---- Source material
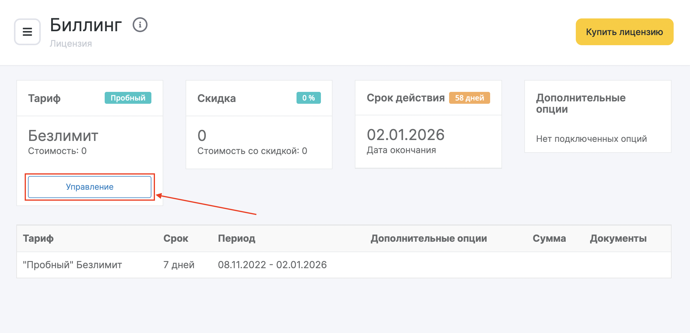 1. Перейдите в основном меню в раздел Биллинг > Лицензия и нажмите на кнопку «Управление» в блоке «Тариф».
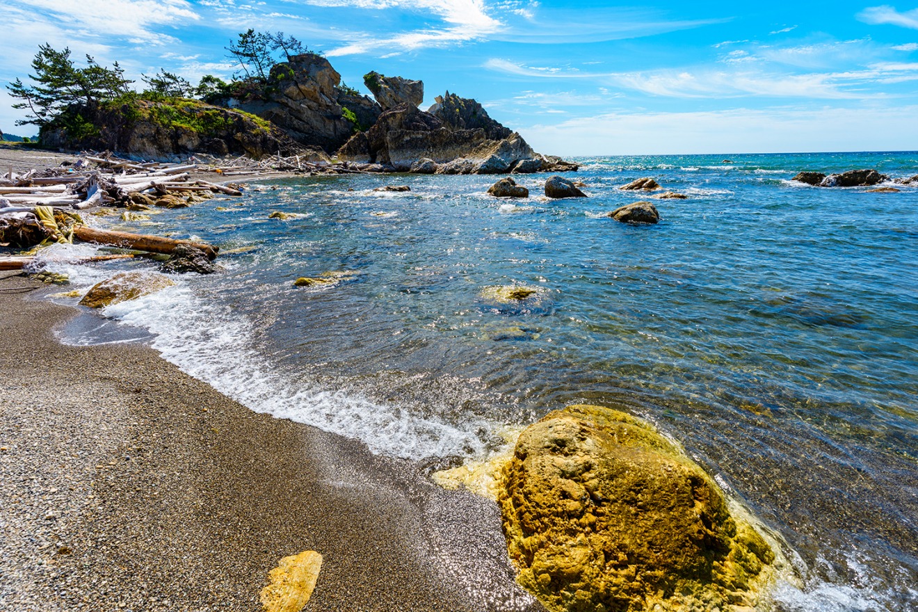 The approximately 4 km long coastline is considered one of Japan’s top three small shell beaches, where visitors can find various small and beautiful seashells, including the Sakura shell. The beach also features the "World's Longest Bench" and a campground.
--------
---- Source material
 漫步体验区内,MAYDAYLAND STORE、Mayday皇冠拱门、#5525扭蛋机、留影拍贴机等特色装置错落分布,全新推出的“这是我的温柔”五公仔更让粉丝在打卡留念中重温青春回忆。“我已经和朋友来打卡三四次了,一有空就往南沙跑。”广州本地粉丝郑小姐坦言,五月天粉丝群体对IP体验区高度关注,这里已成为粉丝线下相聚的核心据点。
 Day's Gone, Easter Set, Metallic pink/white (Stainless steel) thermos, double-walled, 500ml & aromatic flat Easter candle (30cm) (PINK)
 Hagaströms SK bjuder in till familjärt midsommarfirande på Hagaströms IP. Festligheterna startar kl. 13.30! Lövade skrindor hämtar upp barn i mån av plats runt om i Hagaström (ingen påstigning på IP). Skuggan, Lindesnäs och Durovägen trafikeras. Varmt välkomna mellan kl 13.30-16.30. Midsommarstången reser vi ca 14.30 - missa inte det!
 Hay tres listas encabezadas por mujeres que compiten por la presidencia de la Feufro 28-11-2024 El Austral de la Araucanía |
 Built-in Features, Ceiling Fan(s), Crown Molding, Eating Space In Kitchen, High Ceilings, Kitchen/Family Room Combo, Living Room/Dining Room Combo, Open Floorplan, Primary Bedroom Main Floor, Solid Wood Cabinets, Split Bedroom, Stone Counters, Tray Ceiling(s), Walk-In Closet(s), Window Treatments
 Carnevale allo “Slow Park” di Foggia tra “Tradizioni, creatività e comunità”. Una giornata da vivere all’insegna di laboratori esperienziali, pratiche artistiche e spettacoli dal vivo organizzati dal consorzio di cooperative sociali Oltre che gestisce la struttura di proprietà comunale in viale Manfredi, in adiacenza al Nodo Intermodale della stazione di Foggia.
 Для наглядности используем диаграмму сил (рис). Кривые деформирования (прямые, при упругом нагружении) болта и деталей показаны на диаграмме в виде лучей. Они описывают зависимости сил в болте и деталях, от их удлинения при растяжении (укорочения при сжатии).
--------
» Work request:
In the records above, find the line with "stazione di Foggia."; write out exactly that line and each one after it, stopping after the line with "Для наглядности используем".

» Expected output:
 Carnevale allo “Slow Park” di Foggia tra “Tradizioni, creatività e comunità”. Una giornata da vivere all’insegna di laboratori esperienziali, pratiche artistiche e spettacoli dal vivo organizzati dal consorzio di cooperative sociali Oltre che gestisce la struttura di proprietà comunale in viale Manfredi, in adiacenza al Nodo Intermodale della stazione di Foggia.
 Для наглядности используем диаграмму сил (рис). Кривые деформирования (прямые, при упругом нагружении) болта и деталей показаны на диаграмме в виде лучей. Они описывают зависимости сил в болте и деталях, от их удлинения при растяжении (укорочения при сжатии).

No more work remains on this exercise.